That dreaded term, which usually translates to “We are going to deliver long presentations over the weekend. And then you’ll have to come back on Monday looking motivated.”
Everyone magically begins calling in sick, someone’s got a marriage in the family, and the ones that do show up, look like they’d rather fall ill.
If this scenario looks familiar to you, maybe it’s time to rethink how you look at team building activities. Team building sessions are meant to improve team dynamics and communication and encourage out-of-the-box thinking. It’s not something to be just checked off a list.
Taking your team building outside the office is a great idea. Book yourself a resort stay for a weekend or even just the day. Tie up with a learning partner to organize team building activities. And give your team the opportunity to grow.
Here are some great corporate team building activities that you could try out-
What you need: A really long piece of rope with the ends tied together. A blindfold for each person
What to do:
- The team forms a circle, with each person holding a part of the rope in their hands.
- Everyone puts on their blindfold. Instruct one-third of the participants to not speak at all during the game.
- Now, with the blindfolds on, they try to make a perfect square formation holding the rope.
What it achieves: Communication and leadership. Also, by not allowing some participants to speak, it builds an element of trust.
River rafting brings all the thrills to your team outings! A raft seats anywhere between 8-12 people, or even higher. And trying to maneuver the vessel without getting knocked off by the volatile rapids is quite a challenge. It will put your team’s coordination skills – and arm strength- to test!
What you need: A pen and chits
What to do:
- Divide the participants into two or more teams
- Write down a witty clue on the first chit, giving directions to find where the second chit is hidden. And on the second, instructions to find the third. Do this on about 9-10 chits and hide these chits.

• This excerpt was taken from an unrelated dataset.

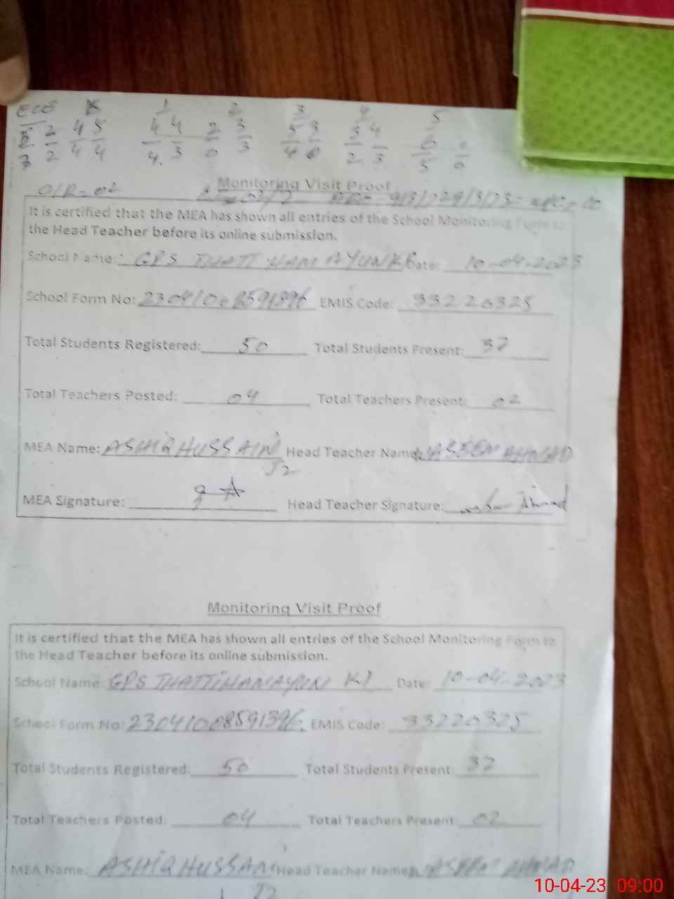 | Attendance Register | Head Teacher | MEA with School | Visit Proof |

- Make similar sets of chits for each team.
- Give each team their first chit and set them off! Whoever gets to the last chit first wins!
What it achieves: Team bonding and breaking barriers. Include people who usually don’t interact much with each other on the same team.
Sailing is a great team-bonding exercise. Your team can spend a couple of hours or the entire day learning how to manoeuvre a boat. Or they can sit back and let the captain and crew show them around.
Either way, you’ll literally be putting them in the middle of the sea, with nothing to do but interact with each other.
The blue water, the wind in their hair and the breath-taking horizon will give them the experience of a lifetime!
Rock climbing with a twist:
What you need: An outdoor rock-climbing setup
What to do:
Make smaller teams of 4-5.
Set points for each part of the wall climbed. Reaching the top has maximum marks.
Each team is given a set time of 20-30 minutes to attempt the task and gain points. Each participant must make at least one attempt. And participants can attempt climbing as many times as they want within the time limit.
The team with maximum points in the end wins!
What it achieves: Coordination, planning and co-operation. Leadership skills are tested. Participants learn that sometimes it is okay to step back and let someone who is better at the task gain more points for the team.
If you’re wondering how old-fashioned rope-walking is going to help your team, you’d be surprised- Slacklining is as good as meditation. Balancing yourself on that thin strip is really tougher than it looks. And super fun too.
The sport requires not just physical effort, but mental strength too- concentration, calmness and focus being most at play. Also, it’s a great core workout, so you’ll be returning to the office feeling a little more in shape.